Pourquoi cette évolution ?

Il parait fallacieux de la justifier par l’inflation du nombre des dossiers et partant de l’augmentation de travail des magistrats.

Ce n’est pourtant pas la seule cause et tout concourt depuis des années à grignoter sur la plaidoirie au profit d’un dossier transmis en amont, afin de rationaliser l’emploi du temps des magistrats et des avocats, pour reprendre les propres termes du protocole conclu en 2012 entre l’Ordre des avocats du Barreau de Paris et le Tribunal de grande instance de Paris.

Le développement d’une présentation par le juge d’un rapport à l’audience a également contribué à favoriser l’effritement d’une plaidoirie devenue observations plus ou moins interactives.

La vocation d’un avocat, c’est pourtant de plaider, librement, d’éclairer les débats, à côté des écritures qu’il a longuement ciselé : la défense est un tout, indissociable, l’oralité est consubstantielle à un procès équilibré et fécond.

A l’heure du RPVA et des saisines en ligne de certaines juridictions, il me semble indispensable de replacer l’oralité au centre des débats.

Un arrêt de la Chambre plénière du 24 novembre 1989 (bull. ass. Plén. n°3) posait le principe du droit à un débat oral : ses préceptes paraissent oubliés en 2015.

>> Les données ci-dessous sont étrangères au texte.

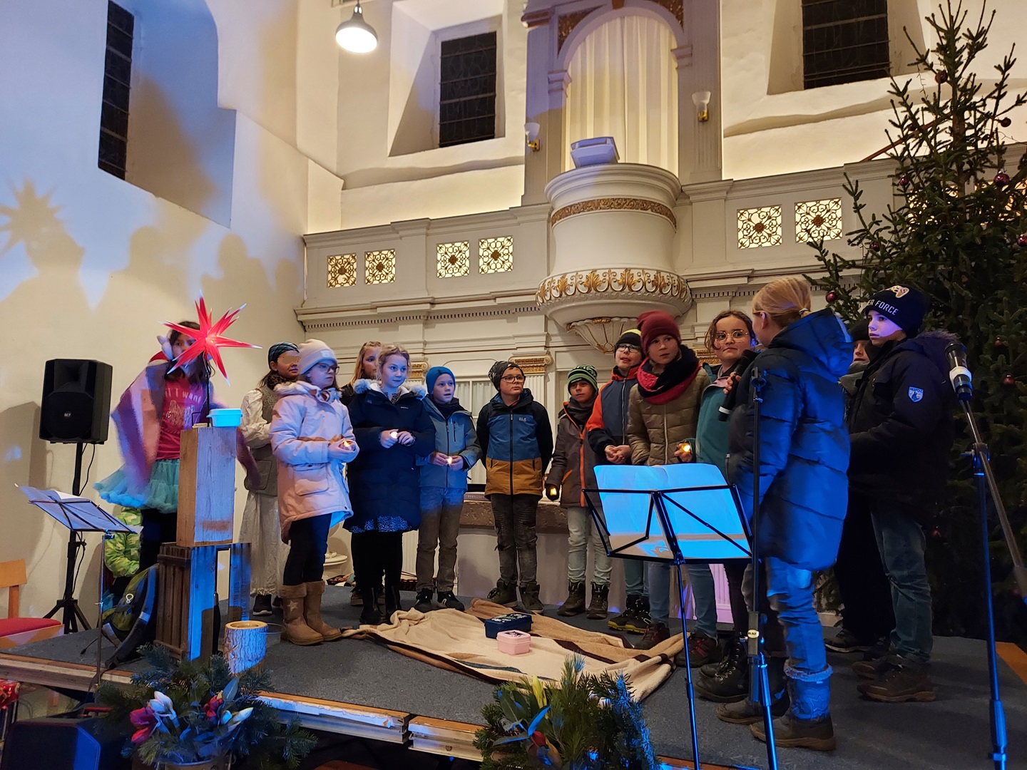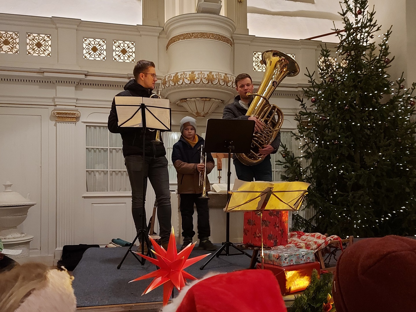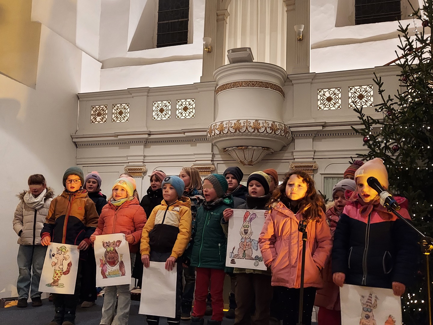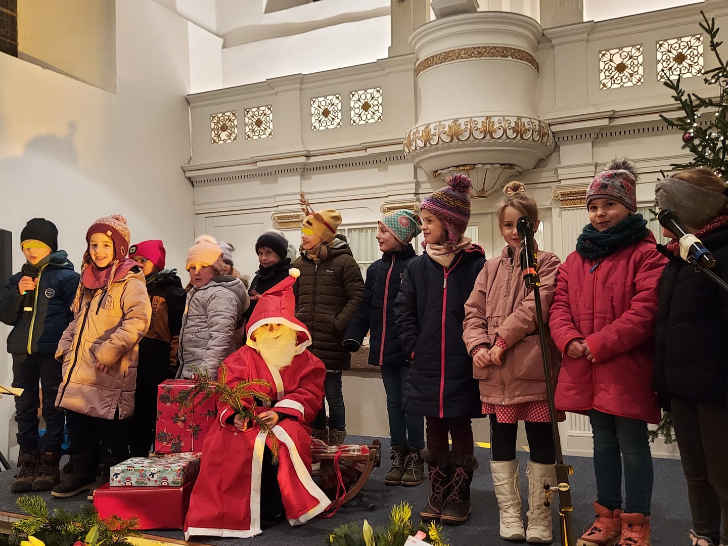 Vorher konnten sich die Eltern, Geschwister, Großeltern und Freunde bei Tee, Kaffee und leckeren selbstgebackenen Kuchen in aller Ruhe auf die Weihnachtsfeier einstimmen. In den weihnachtlich geschmückten Klassenräumen der 1/2 a, b und c war jeweils ein kleines "Cafe" vorbereitet wurden. Den Kuchen verkauften die Viertklässler im Speiseraum. Um die Zeit für die Kinder bis zu ihrem Auftritt zu verkürzen und die Aufregung zu mildern, boten Frau Bickel im Werken-Raum und die Erzieher im Hort Weihnachtsbasteleien an. So wurden z. B. Schneemänner aus Papptellern, Kerzen aus Servietten gebastelt oder weihnachtliche Motive „geprickelt“. Dann begaben sich alle in die Kirche und erwarteten gespannt das Weihnachtskonzert. Alle Schüler unserer Schule hatten gemeinsam mit Frau Linß ein buntes Programm vorbereitet. So spielte Pedro gemeinsam mit seinem Papa und Clemens Hartung zur musikalischen Begrüßung auf ihrer Trompete und Tuba „Ihr Kinderlein kommet“. Danach zeigte Juni aus der 2. Klasse ihr Können auf der Querflöte und spielte „Jingle Bells“. Die Klassen 1/2a, b und c trugen jeweils weihnachtliche Gedichte vor und sangen Weihnachtslieder. Die 3. Klasse überraschte das Publikum mit einer modernen Rap-Version vom Weihnachtslied „Morgen Kinder wird`s was geben“. Kinder der 4. Klasse führten das Weihnachts-Musical "Ein Dorf findet Weihnachten" auf. Für ihre Aufführungen ernteten alle Kinder jede Menge Applaus. Zum Abschluss der gelungenen Weihnachtsfeier spielten noch einmal die Trompeter das Lied „Oh du fröhliche“ und alle Besucher sangen gemeinsam mit.

Allons plus loin et plaidons pour que soit inscrit dans les principes directeurs du procès tels qu’ils figurent dans le premier chapitre du livre premier du Code de procédure civile un nouvel article, par exemple dans la section IX relative aux débats, consacrant ce droit à plaider, sous le contrôle bien entendu du juge.

A l’heure des grandes réformes du droit civil, il est temps que cesse ce recul incessant de la plaidoirie.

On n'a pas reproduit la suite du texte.